Speaking on a panel about shareholder activism, Grant said “if [a board doesn’t] think about what to do when an activist comes knocking until they come knocking, [they’ve] already lost.”
Activist shareholders underscore the importance of communications between the board and investors, according to Margaret M. Foran, chief governance officer, vice president and corporate secretary of Prudential Financial Inc.
Investors are interested in a number of board issues, Foran said, including board methods of self-evaluation, tenure, diversity and proxy access. “When you get the call from an activist, [the issue they have] should not be a surprise,” she said.
Foran discussed the engagement strategy that the Prudential board uses to communicate with institutional shareholders and gauge where their interests lie. If an activist investor approaches the board, “you want to be seen as a straight shooter.”
She said simply talking to investors about what’s on their mind is extremely informative. Specifically, meetings between shareholders and the board are useful communication channels.

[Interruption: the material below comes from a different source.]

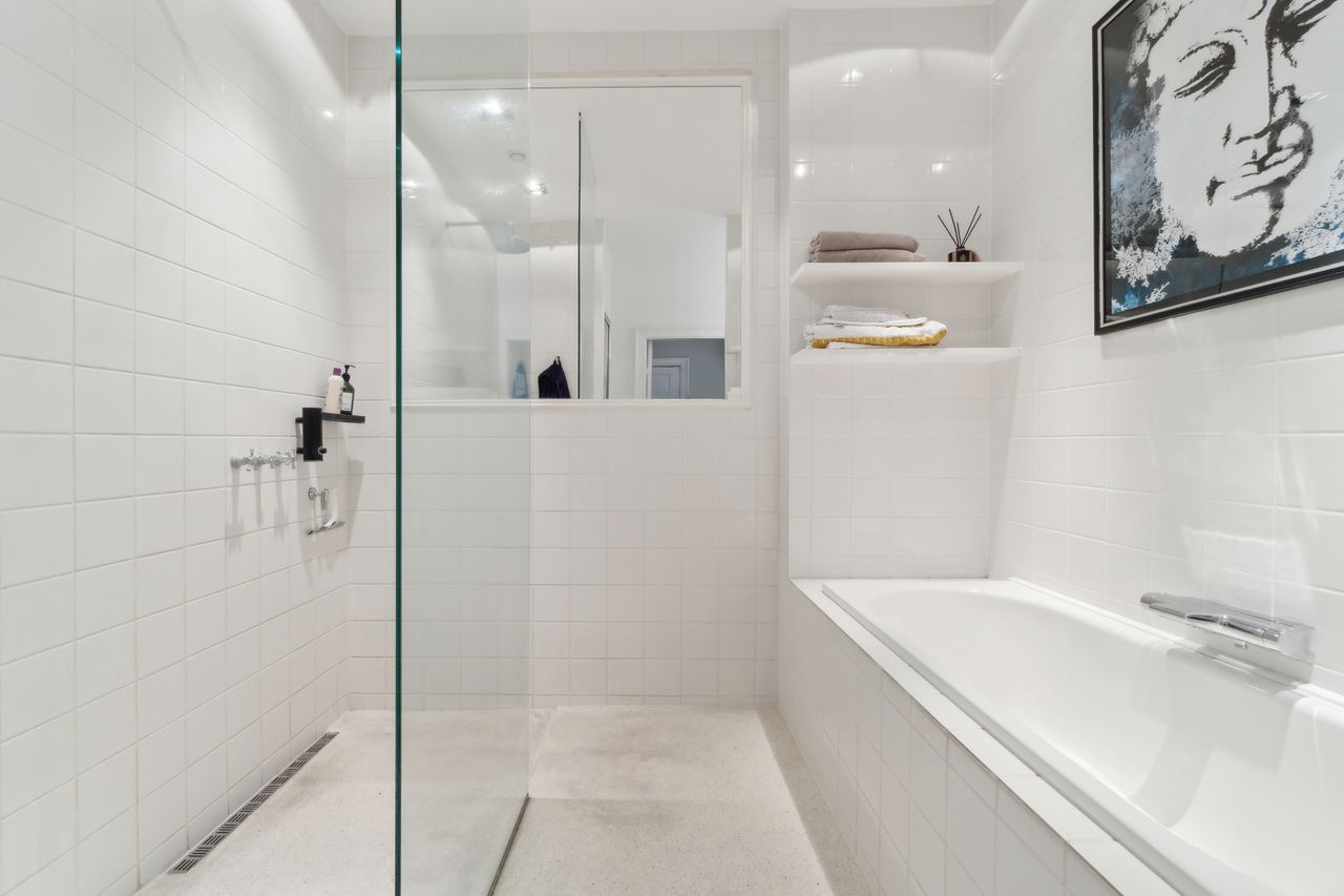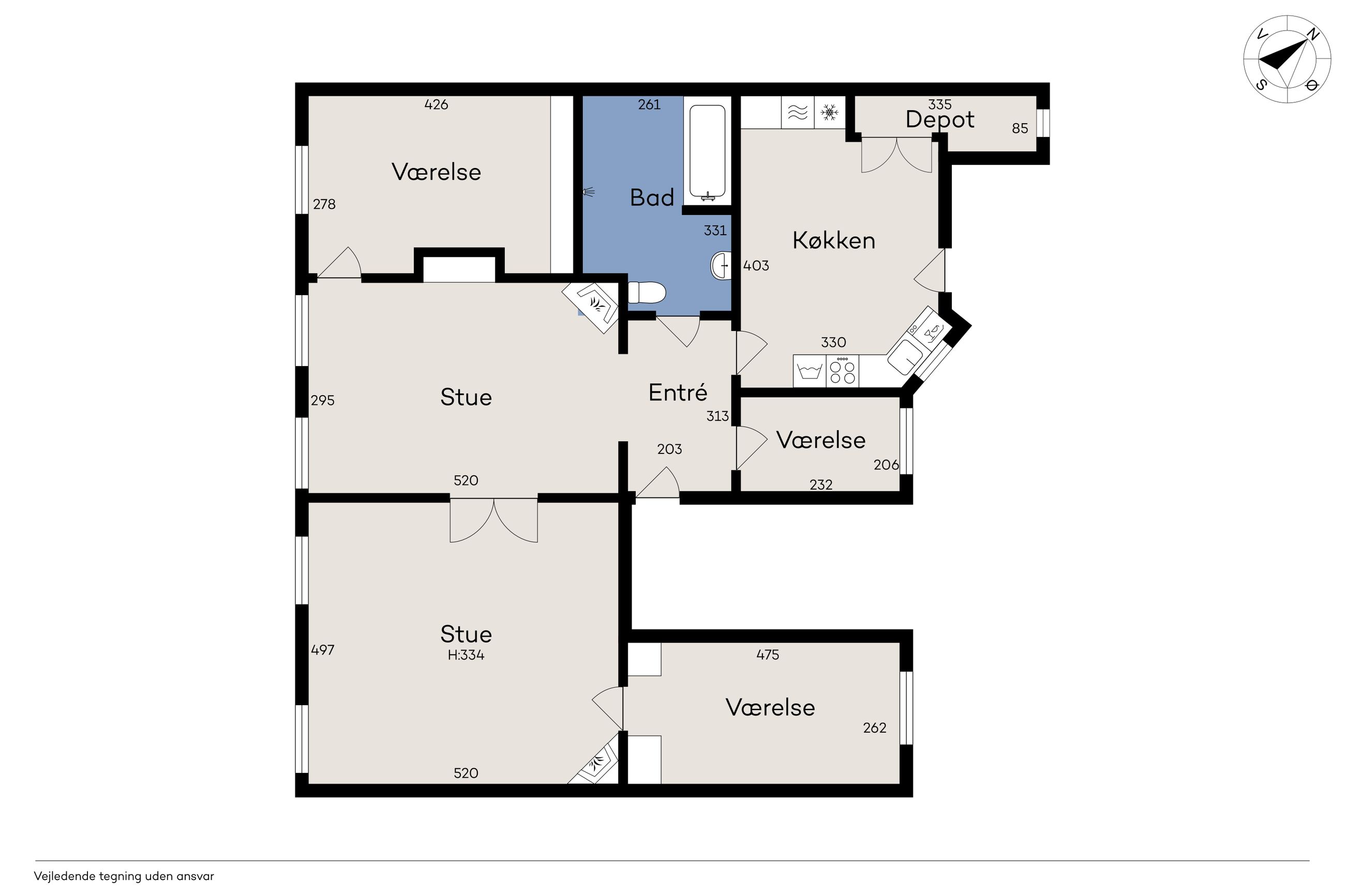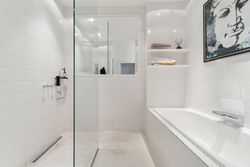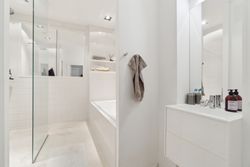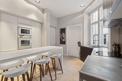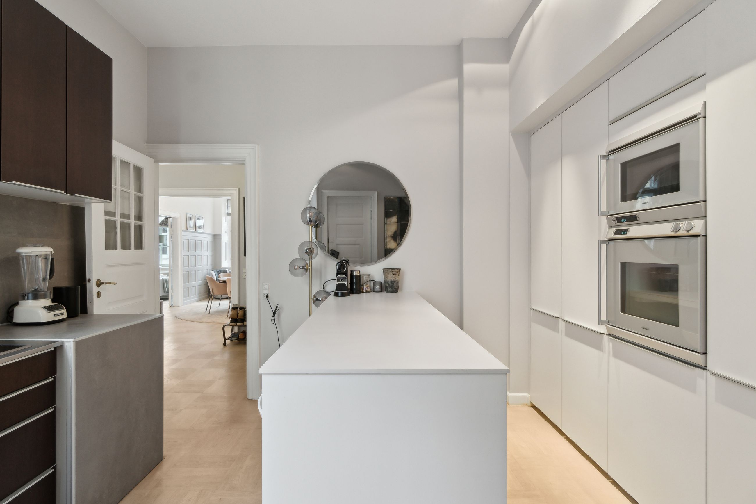 spisestue og opholdsstue. Køkkenet præsentere sig moderne, og så er der etableret et siddeområde med plads til 6, hvor det hvide bord matcher sektionen med indbyggede skabe til køkkenremedierne. Køkkenet er fra Poggenpohl og hårde hvidevarer fra Gaggenau. Videre møder I et lækkert badeværelse med både badekar og bruseniche, og som det sidste rummer hjemmet tre gode værelser og et depot. I 2 af værelserne er indbyggede skabe, også fra Poggenpohl.

Foran said she was present during the first-ever meeting between the Pfizer Inc. board and some of the company’s institutional investors. She said it was a good opportunity to create a dialogue and for the investors to see that the board members were not just “smoking cigars and eating bonbons” during the meeting.
She added that not every board member needs to engage with shareholders. “It’s a skill,” said Foran, “you have to be camera ready.”
Grant added that it is OK for board members to ask questions. “I think we’re starting to see boards be more inquisitive now,” he said.
The panelists also touched on new developments related to shareholder activism. Elizabeth A. Ising, partner at Gibson Dunn & Crutcher, noted that companies “are doing different things” in response to the Securities and Exchange Commission's recent announcement that it will be reviewing the rule that allows companies to omit from their proxy materials resolutions that directly conflict with a management proposal. Ising said the spectrum of responses was wide, highlighting on one end of the spectrum General Electric Co., which amended its bylaws to allow proxy access without a shareholder proposal.
Grant also mentioned the proposed legislation by the Delaware State Bar's Corporation Law Council that would prohibit stock corporations from enacting fee-shifting bylaws or charter provisions. He said that the law has a “decent liklihood of passing,” but joked that “nobody's safe when Parliament's in session.”